Ага, значит, «Дракула в лифте» или как там? — это действительно его работа! А не хотите ли взять у Дракулы интервью? Вот бы он узнал, с кем сейчас разговаривает!
— Как твои «среды»?
— Как всегда — по средам. Приходи. Хоть сегодня. Буду рад. Надеюсь, помнишь: входной билет — пузырь и закуска.

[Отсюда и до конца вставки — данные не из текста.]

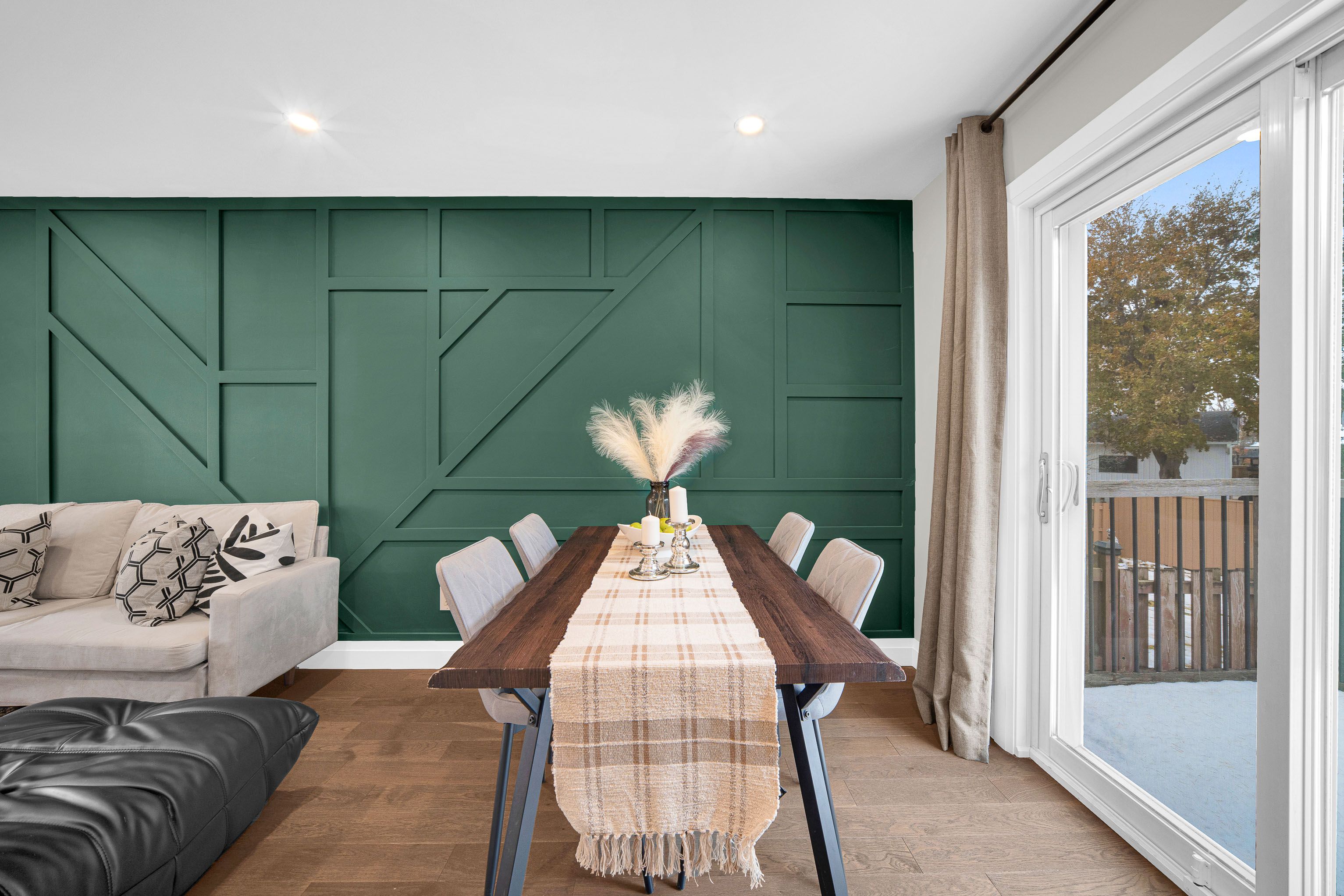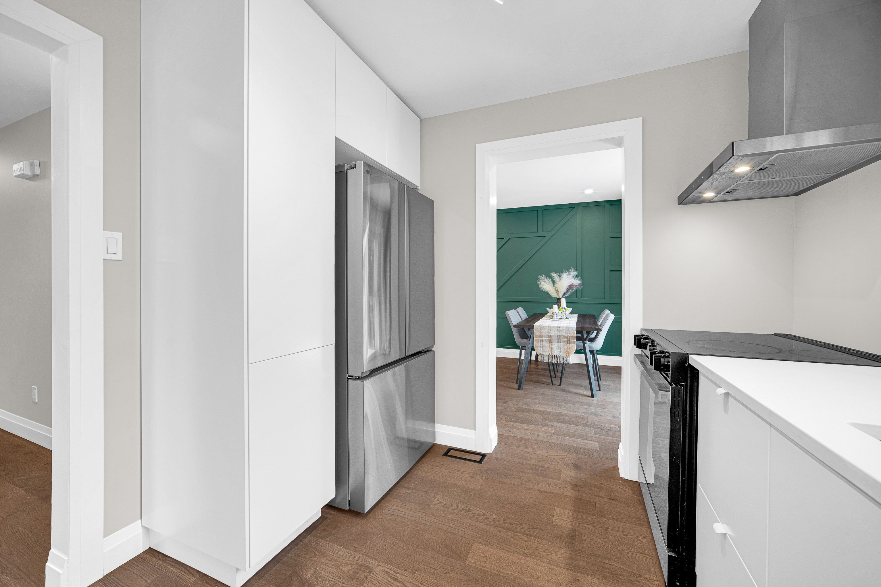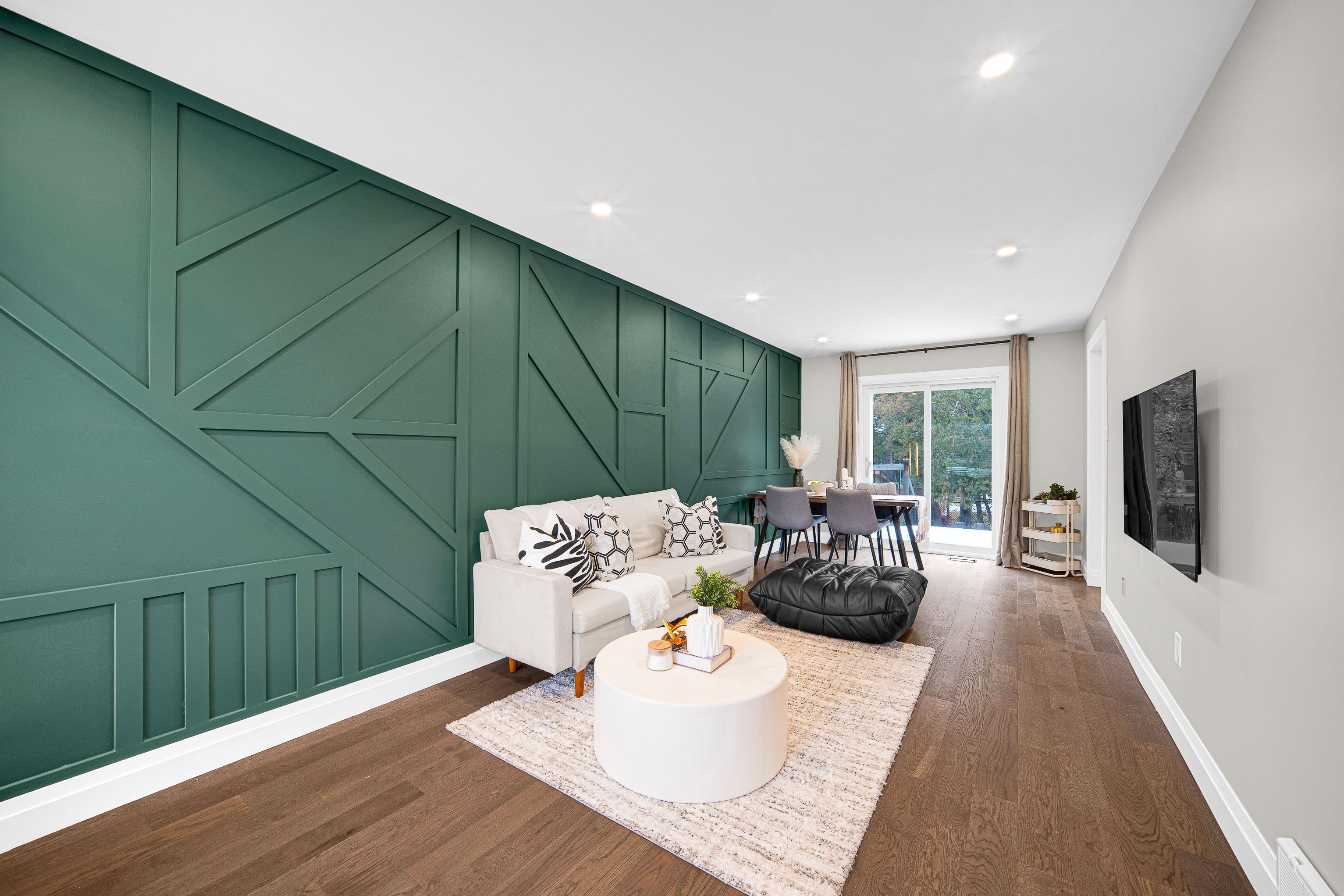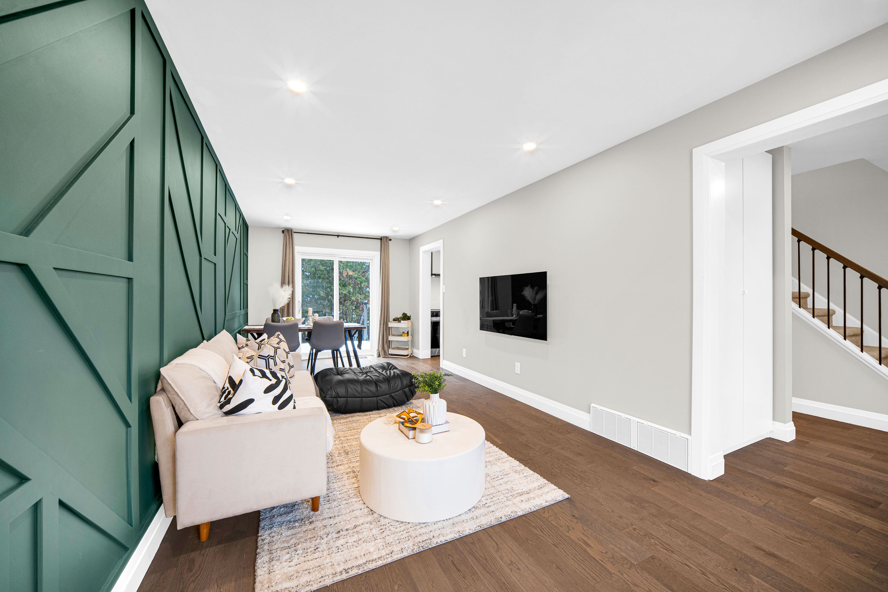 • Open concept living/dining area with hardwood flooring throughout.

— Помню. Обязательно приду. Пока!
Мы распрощались и разбежались. Разумеется, мое обещание прийти было чистой формальностью. До того ли мне было! Но когда стало ясно, что и десятый день пропал даром, ноги сами привели меня к «Маяковской».

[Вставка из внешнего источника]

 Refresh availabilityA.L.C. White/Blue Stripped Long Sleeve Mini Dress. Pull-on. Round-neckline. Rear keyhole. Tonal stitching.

Второй этаж, дверь, как и прежде, не заперта. Ничегошеньки за эти годы не изменилось. Дым коромыслом, гул голосов. Тусовка! Все слоняются из комнаты в комнату, пьют, говорят одновременно. Когда-то мне это нравилось, а сейчас кажется глупым и нелепым.
Стас взял у меня банку паштета и бутылку кагора, протянул взамен чистый бокал и подтолкнул в гостиную.
— Знакомимся самостоятельно. Тем более половину этой саранчи я и сам не знаю.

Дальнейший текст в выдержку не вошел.